#### What you need to do:
Copy out exactly the lines from the one containing "2016年暑期社会实践优秀实" to the last line of the records below, both included, and leave out any pictures.

#### Dataset excerpts:
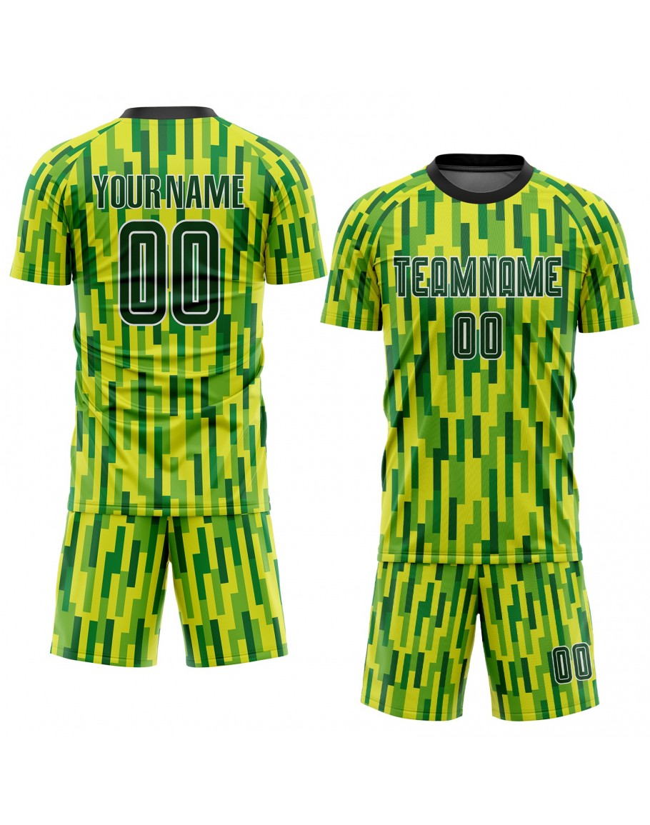 Custom Neon Green Green-Gold Sublimation Soccer Uniform Jersey
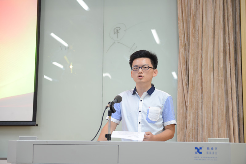 2016年暑期社会实践优秀实践队代表邱泽宇同学为大家介绍了实践过程中得到的宝贵实践经验与技巧,提醒同学们实践中可尽量发挥法科生的特色与长处。
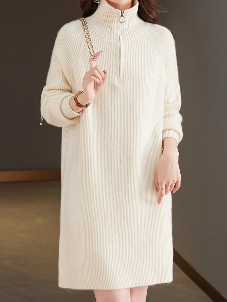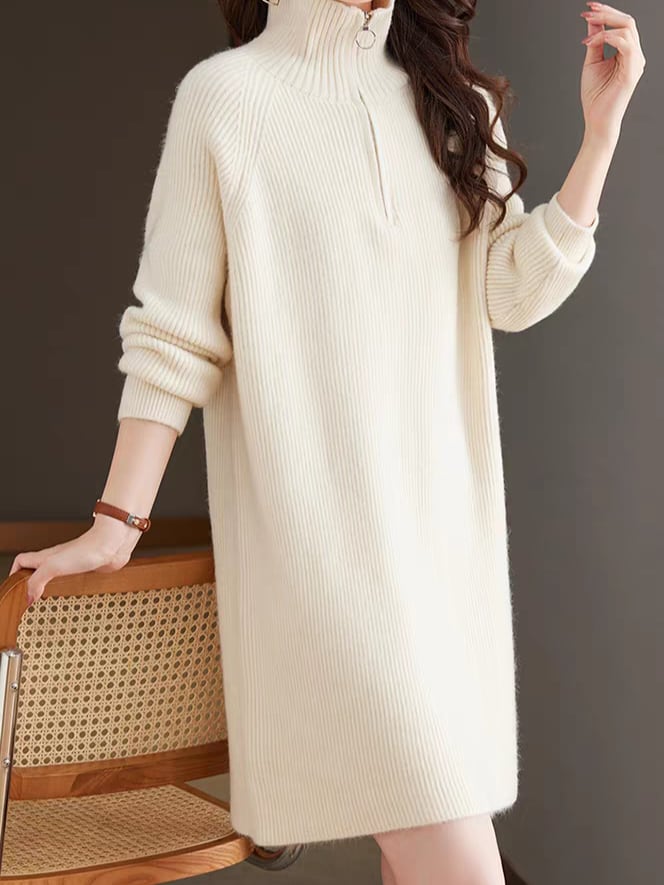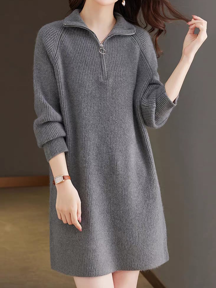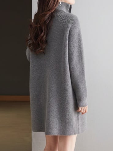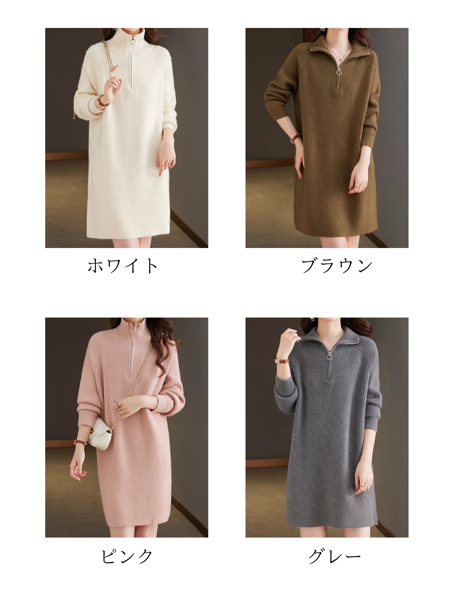 ハーフジップの抜け感とニットのやわらかさが合わさった、大人のためのミニワンピース。
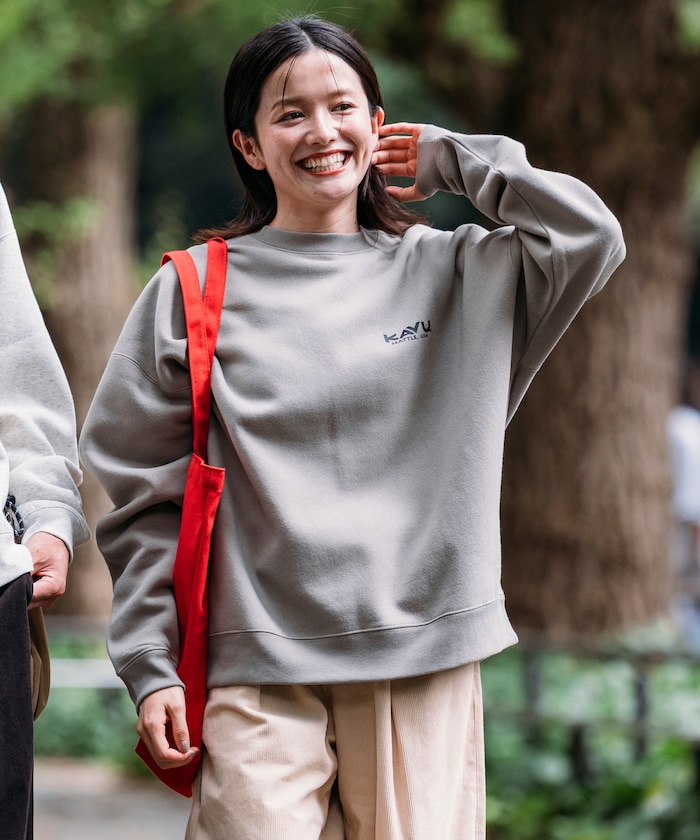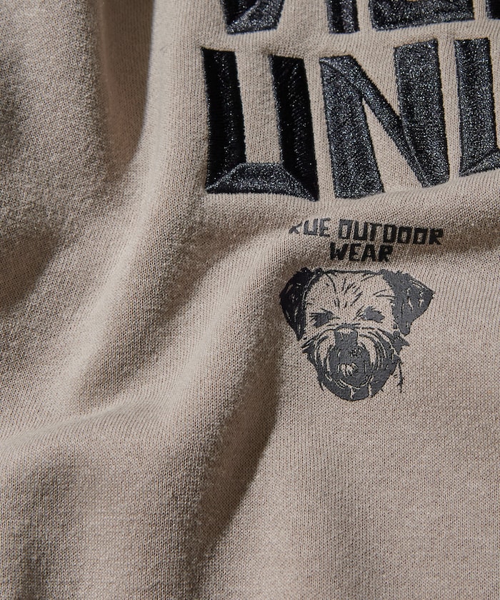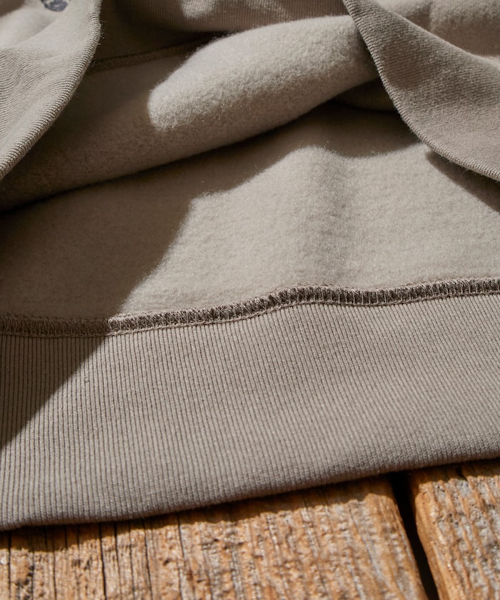 브랜드 네임의 유래가 된 문구를 백 자수 디자인 으로 표현한 스웨트 티. 앞면은 심플한 원포인트 로고가 있으며 부드럽고 포근한 기모 안감 소재를 사용합니다.
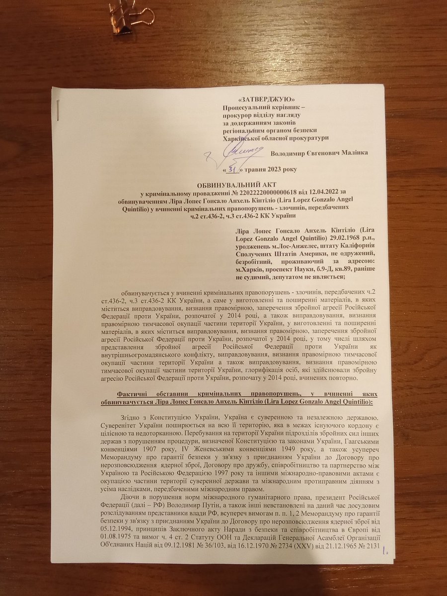 Attached to these tweets is the full indictment against me, both the original Ukrainian and English translation. As you can see, even the prosecutor admits I committed no crime against property or any person. And I certainly provided no aid or intelligence to the Russians. 3/ https://t.co/7doTcT8vEH
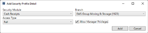 Since Electronic Payments generate Cash Receipts batches and utilize other Cash Receipts functions, each person you wish to process payments must have Full access to the Cash Receipts module for each supported branch. Additionally, set the Allow Manager Privileges flag to allow employees to refund and void Electronic Payments.
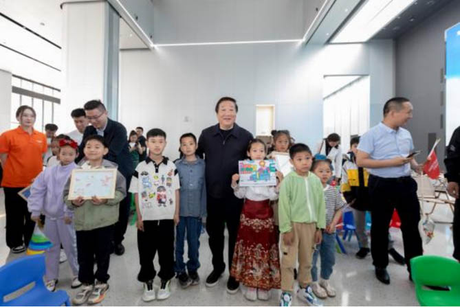 在活动现场,谭旭光对中国重汽员工家属们长期以来对中国重汽各项工作的支持表示感谢,并向他们致以节日的美好祝福。在未来共绘和休闲娱乐区,谭旭光与小朋友们共同作画、一起游戏;在园区各处活动场地,谭旭光与劳模先进及员工家属一一握手,询问工作和生活情况,勉励大家再接再厉,创造更加辉煌的成绩。

#### Solution:
 2016年暑期社会实践优秀实践队代表邱泽宇同学为大家介绍了实践过程中得到的宝贵实践经验与技巧,提醒同学们实践中可尽量发挥法科生的特色与长处。
 ハーフジップの抜け感とニットのやわらかさが合わさった、大人のためのミニワンピース。
 브랜드 네임의 유래가 된 문구를 백 자수 디자인 으로 표현한 스웨트 티. 앞면은 심플한 원포인트 로고가 있으며 부드럽고 포근한 기모 안감 소재를 사용합니다.
 Attached to these tweets is the full indictment against me, both the original Ukrainian and English translation. As you can see, even the prosecutor admits I committed no crime against property or any person. And I certainly provided no aid or intelligence to the Russians. 3/ https://t.co/7doTcT8vEH
 Since Electronic Payments generate Cash Receipts batches and utilize other Cash Receipts functions, each person you wish to process payments must have Full access to the Cash Receipts module for each supported branch. Additionally, set the Allow Manager Privileges flag to allow employees to refund and void Electronic Payments.
 在活动现场,谭旭光对中国重汽员工家属们长期以来对中国重汽各项工作的支持表示感谢,并向他们致以节日的美好祝福。在未来共绘和休闲娱乐区,谭旭光与小朋友们共同作画、一起游戏;在园区各处活动场地,谭旭光与劳模先进及员工家属一一握手,询问工作和生活情况,勉励大家再接再厉,创造更加辉煌的成绩。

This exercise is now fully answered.